- **WORK REQUIRED**
Give the lines below again, exactly as they stand, and leave out the images.

- **INFORMATION GIVEN**
BEGIN
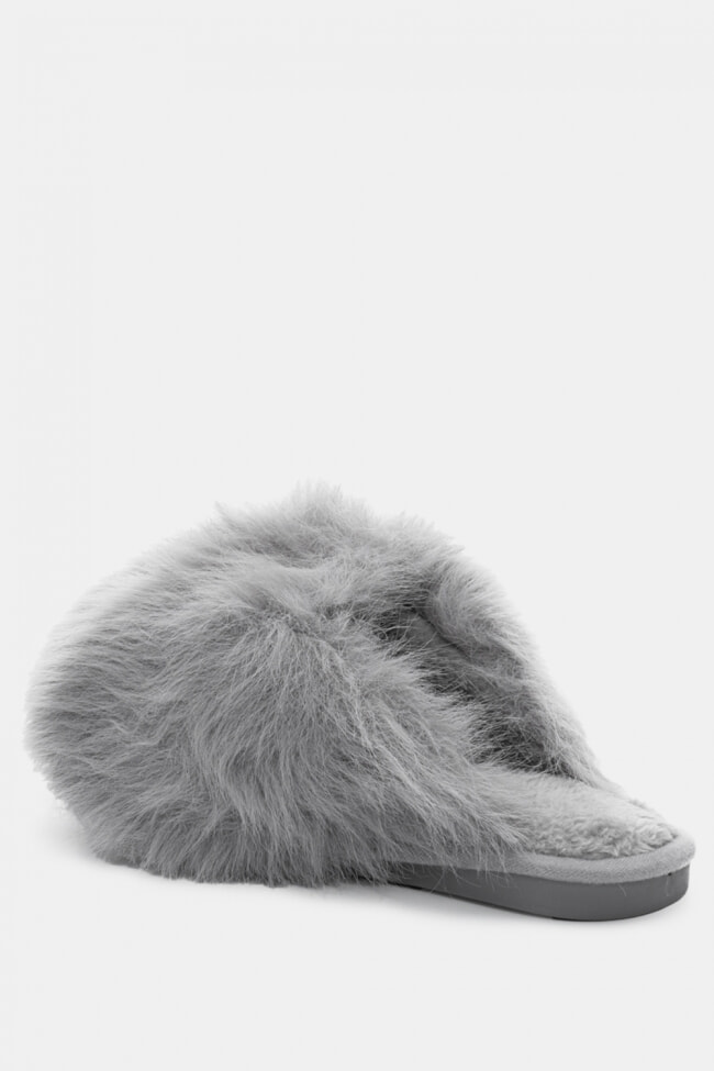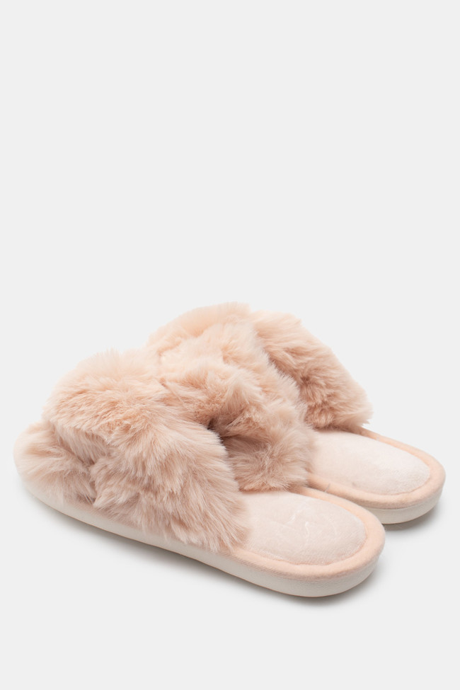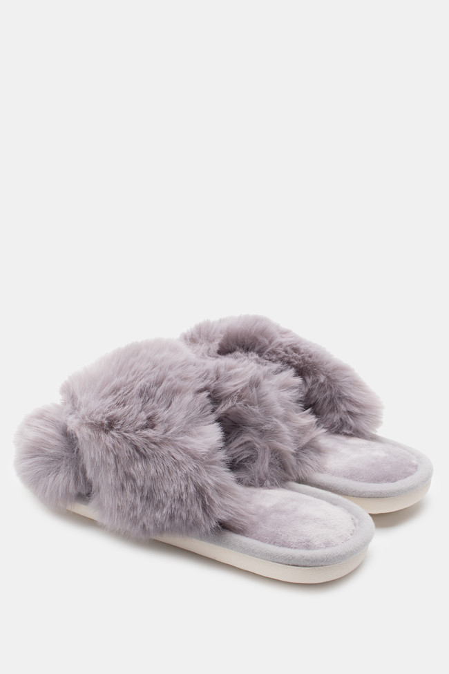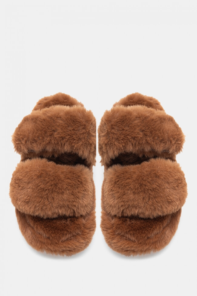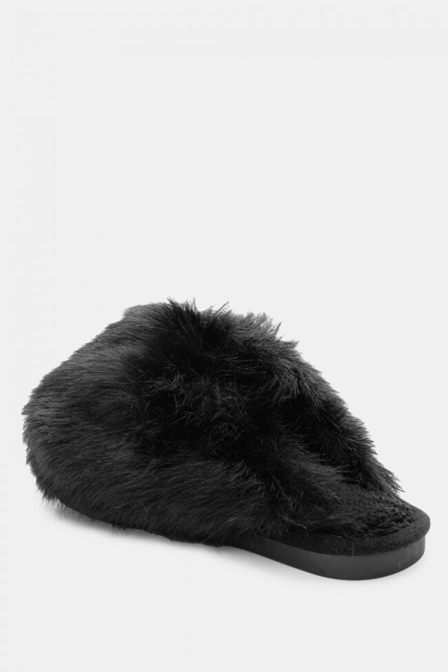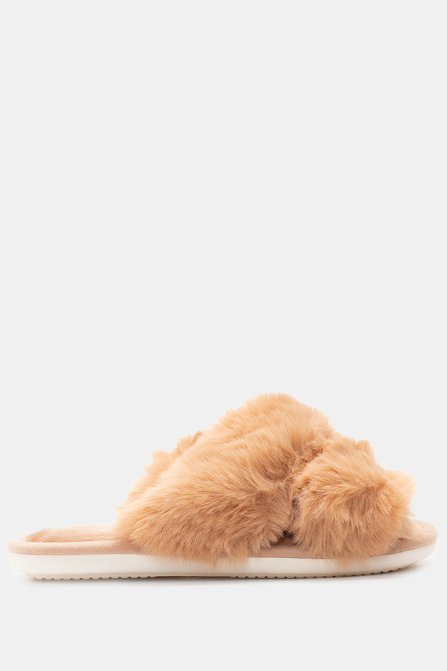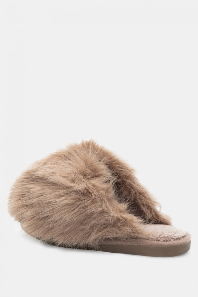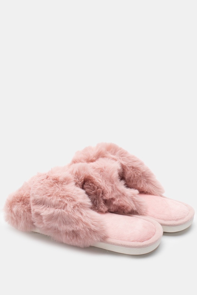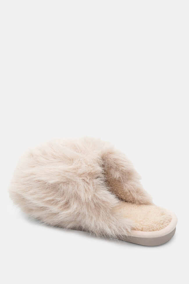 Papuci de blană cu barete încrucișate
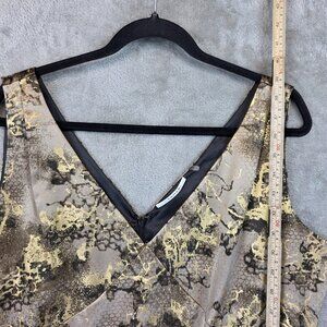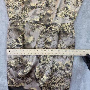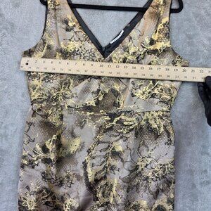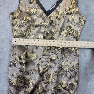 Tahari Dress Womens 16 Gold Black Metallic Jacquard V Neck Sleeveless Sheath
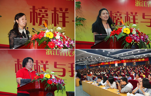 随后,三位优秀女性代表,全国道德模范、全国三八红旗手标兵、阿里巴巴网络技术有限公司员工吴菊萍,全国劳动模范、全国三八红旗手、杭州三替集团总经理陶晓莺,“金牛奖”提名人、优秀女大学生村官、临海市涌泉镇人大新农村建设带头人副主任、涌泉镇横路村党支部书记项玉君结合自身成长和工作经历做了精彩的励志演讲。600多名浙江财经学院的师生共同分享了三位优秀女性的成功经验和人生感悟。
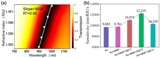 SPR chips were fabricated on tailored silica slides at 28 × 20 × 1 mm (Jiuyi Optics, Fuzhou, China). The slides were first washed several times with deionized water and absolute ethanol. We have investigated the effect of gold film thickness [] on the performance of SPR sensors, and according to the relevant results, the best performance of SPR sensors was obtained with a gold film thickness of 50 nm. So, a 5 nm thickness chromium layer and a 50 nm gold layer were successively coated on the slide surface by vacuum thermal evaporation, where the chromium layer was used to strengthen the adhesion of the gold layer on the slide. According to our previous related work [], continued deposition of ND on a chip deposited once with MoS2, the MNF and ND dispersion solutions with the respective concentrations of 0.025 mg/mL and 0.05 mg/mL were prepared in ethanol/water (1:1 v/v) solvent with the aid of sufficient sonication for at least 30 min. Then a 200 μL MNF or ND dispersion solution was deposited onto the gold film and dried at room temperature for at least 12 h. Through repeating the above process of drop-casting and drying, multilayers of MNF or ND can be attached to the gold surface of the SPR chip.
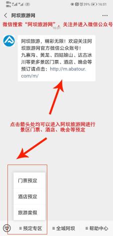 您可以先进入阿坝旅游网微信公众号或者微官网http://m.abatour.com/m/ 页面,选择您想游玩的景区~进入订票页面,选择您所需的门票类型哦~(比如:免门票套票——医护工作者免门票套票、医护工作者陪伴家属免门票套票等)
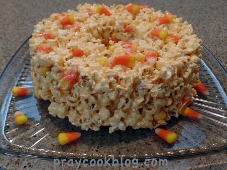 Candy Corn Popcorn Cake
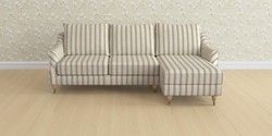 6.12.1 Buy Beverley by Laura Ashley Medium Sofa Chaise - Right Hand Kinsham Stripe Seaspray Blue Low Chrome Castor - Light Oak from the Laura Ashley online shop Click here to use our website with more accessibility support, for example screen readers
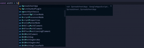 This project includes support for autocompletion and complete type definitions for all Google Apps Script methods.
END
- **RESPONSE TO THIS EXERCISE**
 Papuci de blană cu barete încrucișate
 Tahari Dress Womens 16 Gold Black Metallic Jacquard V Neck Sleeveless Sheath
 随后,三位优秀女性代表,全国道德模范、全国三八红旗手标兵、阿里巴巴网络技术有限公司员工吴菊萍,全国劳动模范、全国三八红旗手、杭州三替集团总经理陶晓莺,“金牛奖”提名人、优秀女大学生村官、临海市涌泉镇人大新农村建设带头人副主任、涌泉镇横路村党支部书记项玉君结合自身成长和工作经历做了精彩的励志演讲。600多名浙江财经学院的师生共同分享了三位优秀女性的成功经验和人生感悟。
 SPR chips were fabricated on tailored silica slides at 28 × 20 × 1 mm (Jiuyi Optics, Fuzhou, China). The slides were first washed several times with deionized water and absolute ethanol. We have investigated the effect of gold film thickness [] on the performance of SPR sensors, and according to the relevant results, the best performance of SPR sensors was obtained with a gold film thickness of 50 nm. So, a 5 nm thickness chromium layer and a 50 nm gold layer were successively coated on the slide surface by vacuum thermal evaporation, where the chromium layer was used to strengthen the adhesion of the gold layer on the slide. According to our previous related work [], continued deposition of ND on a chip deposited once with MoS2, the MNF and ND dispersion solutions with the respective concentrations of 0.025 mg/mL and 0.05 mg/mL were prepared in ethanol/water (1:1 v/v) solvent with the aid of sufficient sonication for at least 30 min. Then a 200 μL MNF or ND dispersion solution was deposited onto the gold film and dried at room temperature for at least 12 h. Through repeating the above process of drop-casting and drying, multilayers of MNF or ND can be attached to the gold surface of the SPR chip.
 您可以先进入阿坝旅游网微信公众号或者微官网http://m.abatour.com/m/ 页面,选择您想游玩的景区~进入订票页面,选择您所需的门票类型哦~(比如:免门票套票——医护工作者免门票套票、医护工作者陪伴家属免门票套票等)
 Candy Corn Popcorn Cake
 6.12.1 Buy Beverley by Laura Ashley Medium Sofa Chaise - Right Hand Kinsham Stripe Seaspray Blue Low Chrome Castor - Light Oak from the Laura Ashley online shop Click here to use our website with more accessibility support, for example screen readers
 This project includes support for autocompletion and complete type definitions for all Google Apps Script methods.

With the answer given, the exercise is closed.